| The problem |
Print each line below verbatim, skipping every picture.

| Collected data |
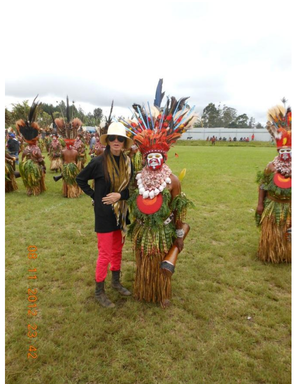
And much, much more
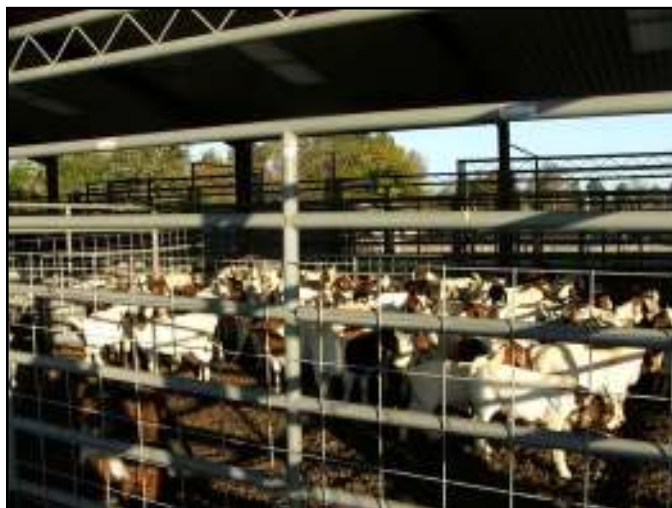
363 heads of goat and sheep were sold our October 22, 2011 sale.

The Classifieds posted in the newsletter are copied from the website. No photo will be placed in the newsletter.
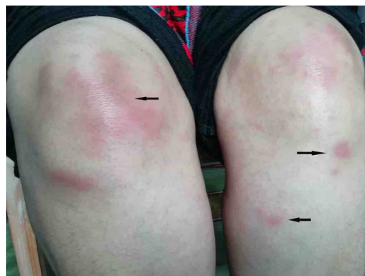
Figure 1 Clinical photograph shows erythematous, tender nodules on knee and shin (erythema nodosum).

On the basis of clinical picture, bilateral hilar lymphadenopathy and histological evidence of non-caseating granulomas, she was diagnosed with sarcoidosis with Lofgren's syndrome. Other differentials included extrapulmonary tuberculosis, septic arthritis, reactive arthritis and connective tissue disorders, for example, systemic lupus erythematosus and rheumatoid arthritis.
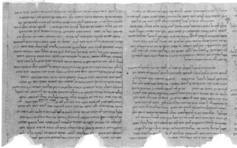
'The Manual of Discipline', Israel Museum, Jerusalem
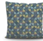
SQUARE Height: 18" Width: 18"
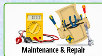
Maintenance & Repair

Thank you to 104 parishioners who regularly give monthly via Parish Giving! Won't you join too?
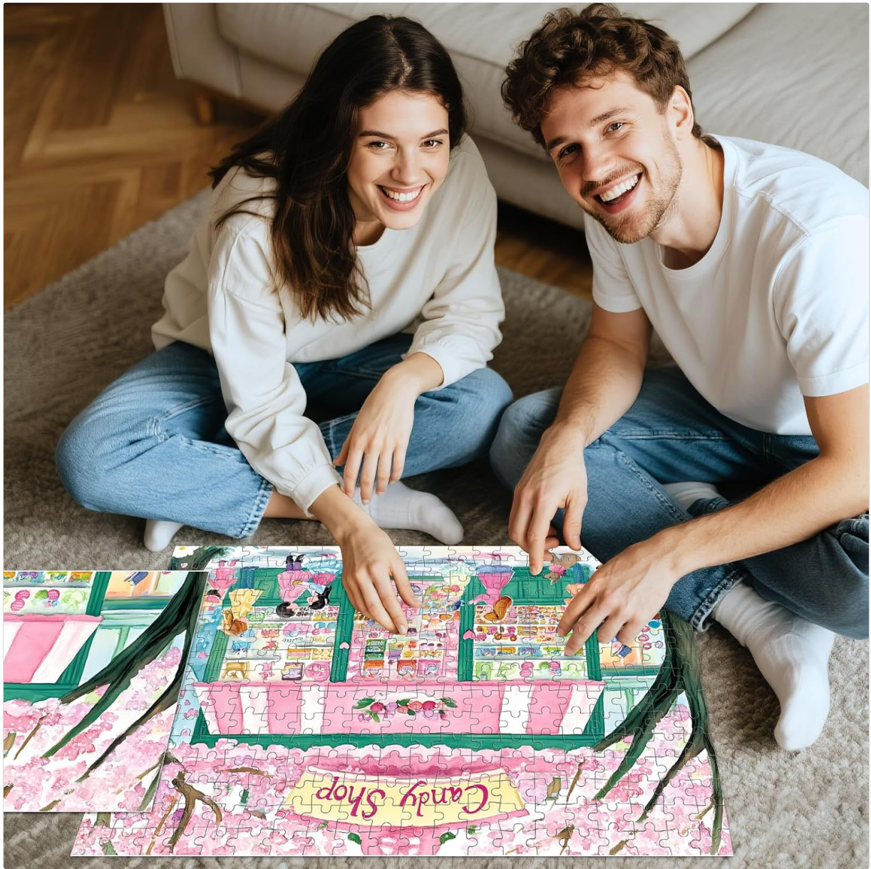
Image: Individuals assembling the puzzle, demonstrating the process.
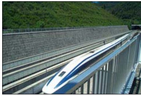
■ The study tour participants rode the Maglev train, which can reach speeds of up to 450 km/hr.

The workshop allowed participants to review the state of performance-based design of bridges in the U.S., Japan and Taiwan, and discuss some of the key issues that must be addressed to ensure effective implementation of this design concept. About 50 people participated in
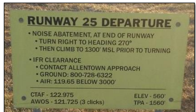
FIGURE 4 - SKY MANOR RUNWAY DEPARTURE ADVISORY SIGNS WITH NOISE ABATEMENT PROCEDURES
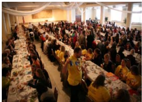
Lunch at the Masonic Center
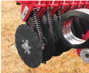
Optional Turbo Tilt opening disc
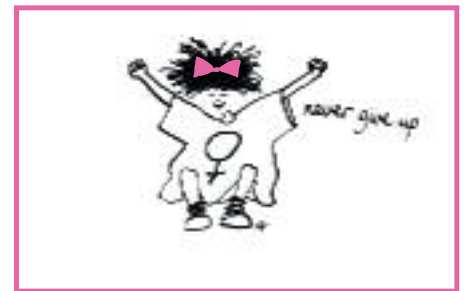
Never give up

| Output |
And much, much more
363 heads of goat and sheep were sold our October 22, 2011 sale.

The Classifieds posted in the newsletter are copied from the website. No photo will be placed in the newsletter.
Figure 1 Clinical photograph shows erythematous, tender nodules on knee and shin (erythema nodosum).

On the basis of clinical picture, bilateral hilar lymphadenopathy and histological evidence of non-caseating granulomas, she was diagnosed with sarcoidosis with Lofgren's syndrome. Other differentials included extrapulmonary tuberculosis, septic arthritis, reactive arthritis and connective tissue disorders, for example, systemic lupus erythematosus and rheumatoid arthritis.
'The Manual of Discipline', Israel Museum, Jerusalem
SQUARE Height: 18" Width: 18"
Maintenance & Repair

Thank you to 104 parishioners who regularly give monthly via Parish Giving! Won't you join too?
Image: Individuals assembling the puzzle, demonstrating the process.
■ The study tour participants rode the Maglev train, which can reach speeds of up to 450 km/hr.

The workshop allowed participants to review the state of performance-based design of bridges in the U.S., Japan and Taiwan, and discuss some of the key issues that must be addressed to ensure effective implementation of this design concept. About 50 people participated in
FIGURE 4 - SKY MANOR RUNWAY DEPARTURE ADVISORY SIGNS WITH NOISE ABATEMENT PROCEDURES
Lunch at the Masonic Center
Optional Turbo Tilt opening disc
Never give up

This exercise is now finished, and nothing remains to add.